Bu saatte hayırlı bir iş olması çok düşük bir ihtimaldi.
Devletin eski başbakanı Süleyman Demirel’in bile "Sabahın erken saatlerinde kapınız çalındığında, kapıyı çalanın sütçü olduğundan eminseniz, demokratik bir ülkede yaşıyorsunuz demektir” dediği, ama bundan çok uzak, karanlık günlerin yaşandığı kötü bir dönemden geçiyordu ülke.
Milliyetçi Cephe hükümetlerinin bile mumla arandığı bu kötü günlerde gözaltılar, tutuklamalar furyası devam ediyordu.
Kimdi kapıyı çalan. Bu saatte kim kimin kapısına dayanırdı?
Göz deliğinden baktı. Kapıda birkaç sivil giyimli kişi vardı.
Açmasa ne olurdu? Kırar girerlerdi. Daha kötü olurdu.
Uykulu gözlerle kapıyı açtı.
Polis olduklarını söylediler. Söylemelerine gerek yoktu, heriflerin üstünden akıyordu ne oldukları.
“Burada sizden daha önce oturanlarla ilgili bir fuhuş vakası ihbarını aldık, bilginiz var mı?” diye sordular.
Mümkün olmadığını, kendilerinden önce bu evde mazbut bir ailenin oturduğunu söyledi.

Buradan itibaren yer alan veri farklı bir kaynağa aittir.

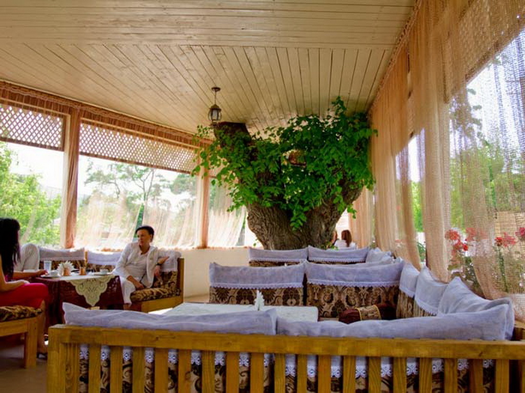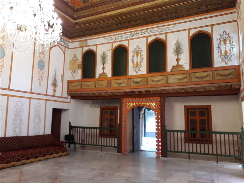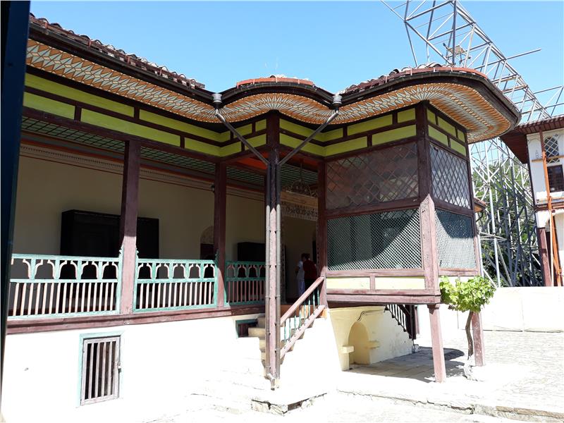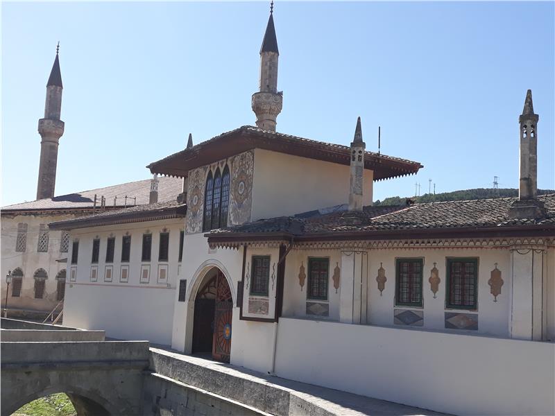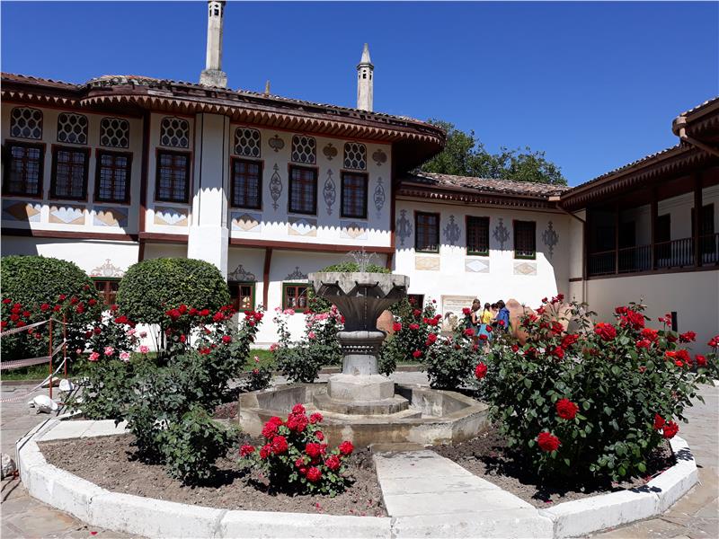 Над Гаремом высилась Соколиная башня, сооруженная, вероятно, в первой половине XVIII в. По преданию, в нижней части башни содержались соколы, обученные для охоты, и, кроме того, сюда разрешалось подниматься обитательницам гарема, чтобы посмотреть на окружающий мир, на пеструю, красочную жизнь дворца. Восьмигранная деревянная башня поставлена на кубическом каменном основании, высотой равном высоте стен, окружающих двор. Верхний ярус башни представляет собой сквозную решетку; верх покрыт черепицей и увенчан позолоченным навершием. Внутри башни широкая открытая лестница, огибающая все ее грани и ведущая на смотровую площадку наверху, впечатляет своей грандиозностью. Вертикаль башни — важный элемент архитектурной композиции, скрепляющий ансамбль дворцовых киосков с их двориками и садиками, соединенными друг с другом крытыми переходами. Если смотреть сверху, — а такая возможность неоднократно представится во время прогулок по городу, — то башня эффектно подчеркивает живописность многоуровневой черепичной кровли дворцового комплекса, выросшего стихийно и объединившего сооружения разных эпох и стилей.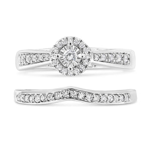 Immerse yourself in the timeless elegance of this rhodium-plated .925 sterling silver engagement ring set, where classic craftsmanship meets contemporary design. Each piece gleams with natural diamonds, sumptuously detailed to captivate and enchant. At the heart of the engagement ring, a prized 1/20 cttw diamond, meticulously set in a miracle plate, flaunts the grand illusion of a majestic solitaire. Encircling this centerpiece is a luminous halo of smaller diamonds, their sparkle mirrored in the pave shank that dances with light at every gesture. Complementing this luminance, the wedding band contours with a chic chevron V shape, sculpted to sit flush against its counterpart, reflecting unity and grace. This set not only promises a daily dose of luxury but a lifetime of love, preserved in the sheen of sterling silver and the brilliance of thoughtfully sourced natural diamonds. Celebrate your journey together with this symbol of enduring love and commitment.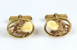 Manschettenknöpfe, GG 585/000, Grandeln mit Eichenlaubdekor, total ca. 12,7 g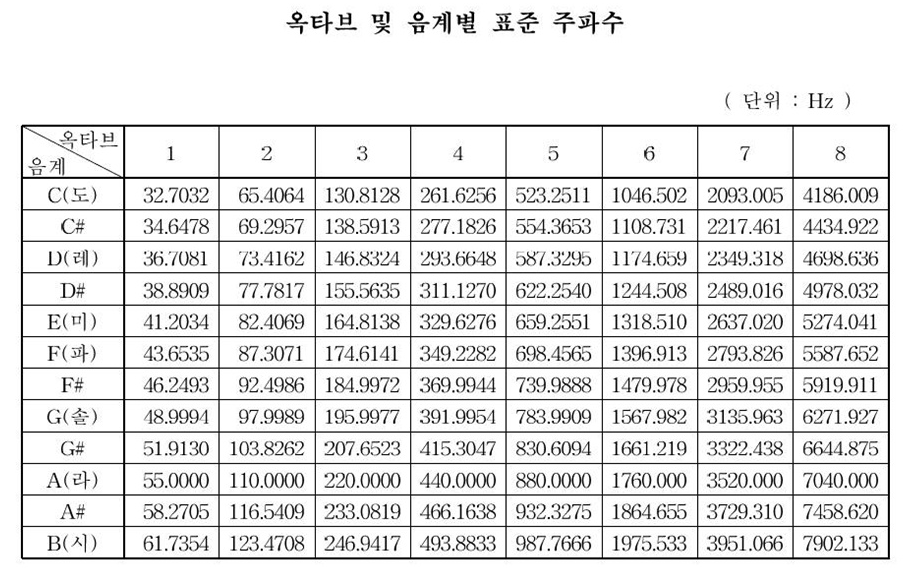2. 소리와 주파수 (음계 별 표준 주파수)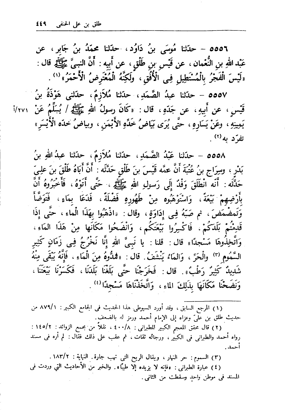 (¬1) المرجع السابق، وقد أورد السيوطى هذا الحديث فى الجامع الكبير: 1/879 من حديث طلق بن على وعزاه إلى الإمام أحمد ورمز له بالضعيف.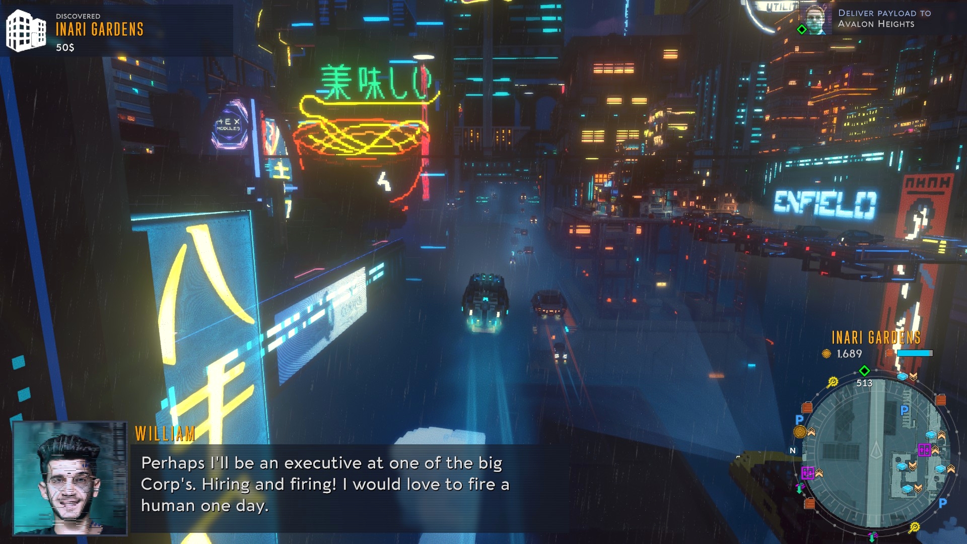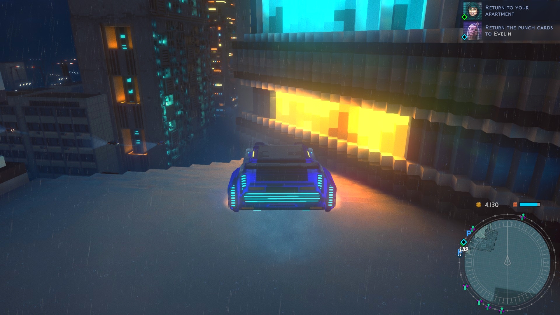 Тем не менее, за время разработки Cloudpunk, авторы не только не отказались от своей идеи, но и успешно доделали игру, придав ей некой глубины и своей изюминки. Здесь, правда, стоит сделать небольшое отступление от темы: Сама по себе игра была создана небольшой компанией и является типичным представителем инди игр, поэтому и спрос с неё будет не самый строгий.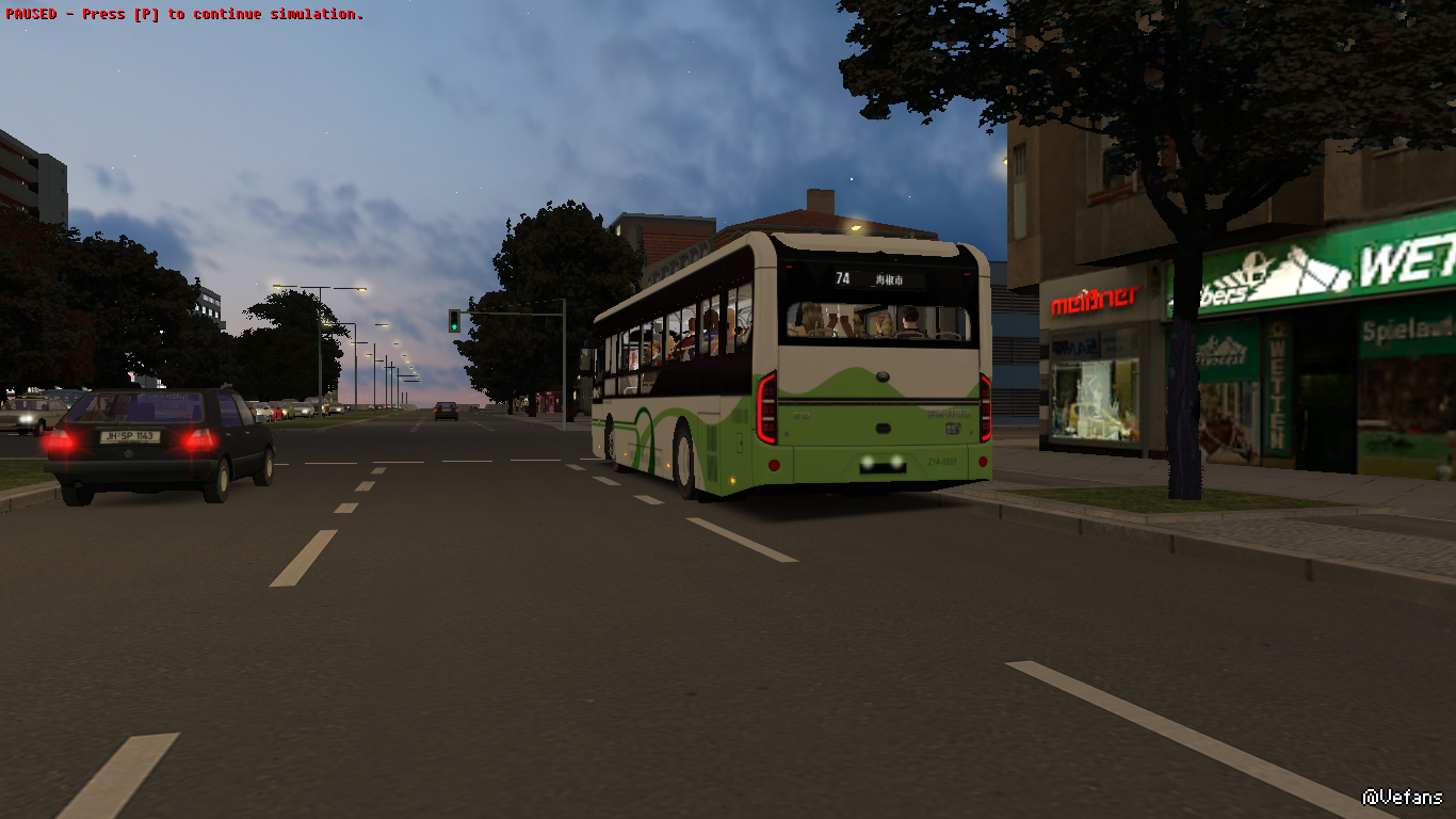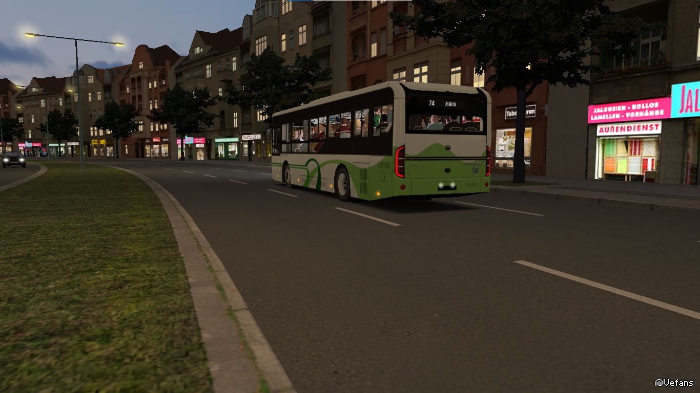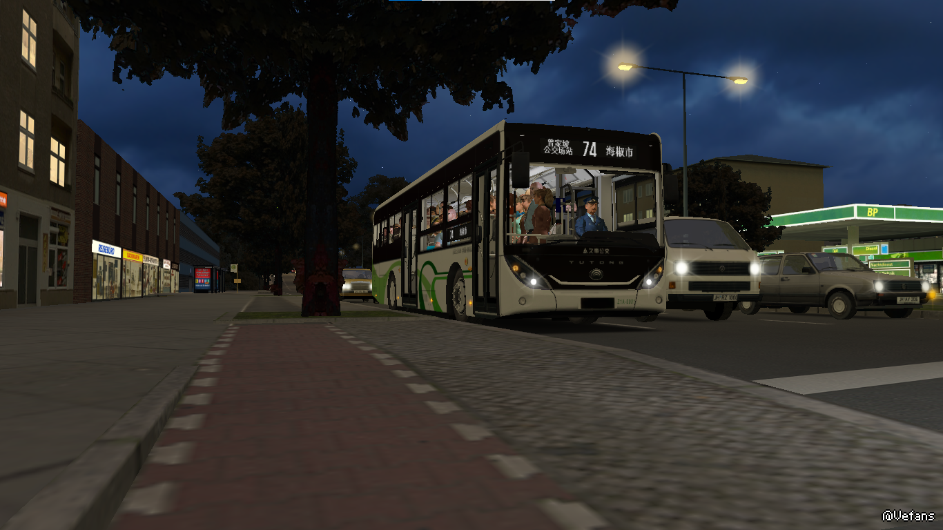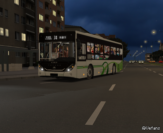 金河市于2021年购买的宇槃客车刷成了上海绿的涂装。在夜幕下,非常美腻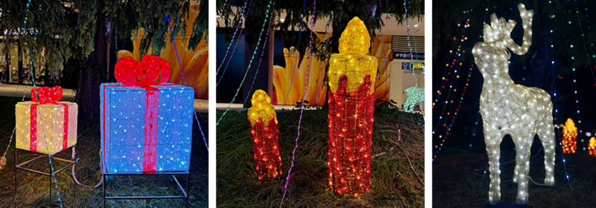 各ゲート前ではトナカイやプレゼント型の可愛らしいイルミネーションが並び、特に国道56号線側のフローラルゲート前は、家族や友人との記念撮影にぴったりの撮影スポットとして注目されています。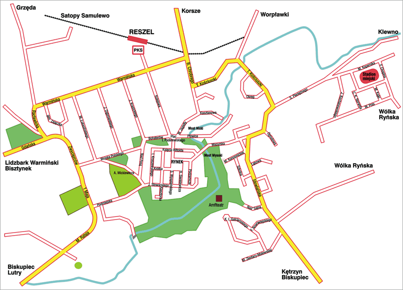 Z kościelnej wieży widać nie tylko regularną zabudowę uliczek centrum wokół Rynku, ale również dalsze regiony miasta – aż po jego okolice. I zabytki, których brak najbardziej mnie zaskoczył, gdy na internetowych stronach miasta otworzyłem jego plan. Przecierałem oczy szukając tego, z czego Reszel słusznie jest najbardziej dumny: zabytkowego zamku (o nim piszę w osobnym artykule), fary, późnobarokowego kościoła p.w. Podwyższenia św. Krzyża – obecnie greckokatolickiej cerkwi Przemienienia Pańskiego, a także również ponad 200-letniego ratusza. Trudno zrozumieć czym kierowali się włodarze miasteczka pomijając na jego oficjalnym planie te zabytki. Uwzględnili, poza ulicami, tylko rynek, amfiteatr, stadion miejski, przystanek PKS oraz dwa gotyckie mosty: Wysoki i Niski. Zabytki, poza przystankiem autobusowym, ciekawe, ale przecież nie aż tak, jak przynajmniej dwa najważniejsze z pominiętych. One bowiem są tu niemal od początku istnienia Reszla będąc głównymi świadkami jego przeszłości. Miasta i siedziby gminy na Pojezierzu Mrągowskim w powiecie kętrzyńskim woj. warmińsko-mazurskiego. Położonego nad rzeczką Sajną, dopływem Gubra, który wpada do o wiele bardziej znanej Łyny.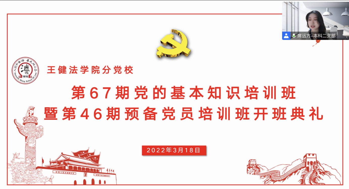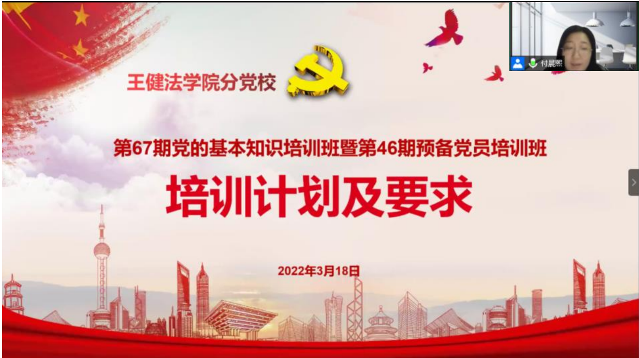 3月18日晚,王健法学院分党校第67期党的基本知识培训班暨第46期预备党员培训班开班典礼暨第一次党课在腾讯会议平台顺利举行。王健法学院党委书记、分党校校长孙宁华老师,学院党委副书记、分党校副校长朱春霞老师,学院学生工作办公室副主任张焕然老师,研究生辅导员付晨熙老师出席,学院学生党务中心席远方同学主持,全体学员参加会议。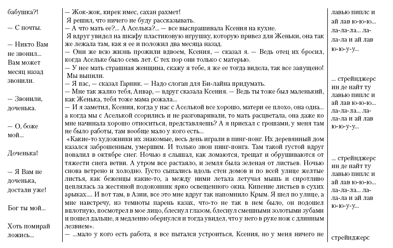 Это был голос Булата Мулюгенова, помощника акима Алматы, про которого они говорили всю осень, а я даже не обратил на это внимания. Я видел накрытый новогодний стол в их квартире, цветы и шампанское, видел, как весело и возбужденно суетится Аселька, красиво так ходит, как она ходила, когда знала, что я смотрю на нее, а Булат сидит в кресле, смотрит на нее и покачивает ногой в моем тапочке. Все горит, искрится и сияет в их квартирке на углу Гоголя и Мира. Он знает, что будет с ней сегодня, сглатывает слюну, все у него дрожит: женщина под Новый год особенно сладка… особенно, блядь, нужно с кем-то переспать, чтобы весь год потом с кем-то спать, чтобы…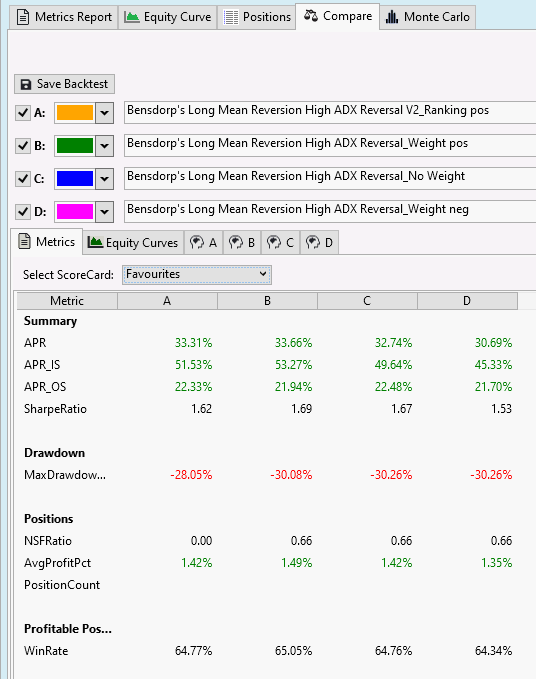 I vote we remove the Weights for published strategies using limit orders for more realistic results. You could then use our Monte Carlo Lab extension to get a true idea of their potential.

Kibar ve nazik konuşuyorlardı. Acaba diye düşündü bir an.
İçeride küçük oğullarıyla birlikte uyuyan karısı da uyanıp kapıya gelmişti.
“Bilgi için bizimle karakola kadar gelebilir misiniz?” dediler.
Olacakları sezinlemişti, ancak yapacak bir şey yoktu.
Aceleyle giyinip çıktı.
Aşağıda, apartman sahanlığından daha dışarı çıkmadan birlikte indiği polislerden biri, “Ne suratıma bakıyorsun lan!” diye bağırarak daha sonra olacakların müjdesini vermişti.
İşte bu, o adamdı.
Öyle ya, işkencecini tanımaman, onun çalışma rahatlığını elinden almaman gerekiyordu. Maazallah, ileride eline fırsat geçip hesap falan sorardın.
Macera başlıyordu.
Ama hangi macera olduğunu bilmiyordu. Bir beyaz renkli Reno’ya bindirildi. Başını arka koltuğa yatırarak, kafasını bir kazakla örttüler. Etrafını görmüyordu; ama şehri iyi biliyordu, mesafenin uzunluğundan, kavşaklardan, kasislerdeki sarsılmalardan nerelere geldiğini tahmin etmesi zor değildi. Bunlar olmasa bile gidilecek yer malumdu: Emniyet Müdürlüğü’nün arkasındaki işkence merkezi.
Onu bir hücreye koydular.
İçerisi karanlıktı.
Seslerden ve hücrenin çelik kapısının ince bir çizgi kadar olan aralığından gözünü uydurup koridora bakarak olan biteni anlamaya çalışıyordu.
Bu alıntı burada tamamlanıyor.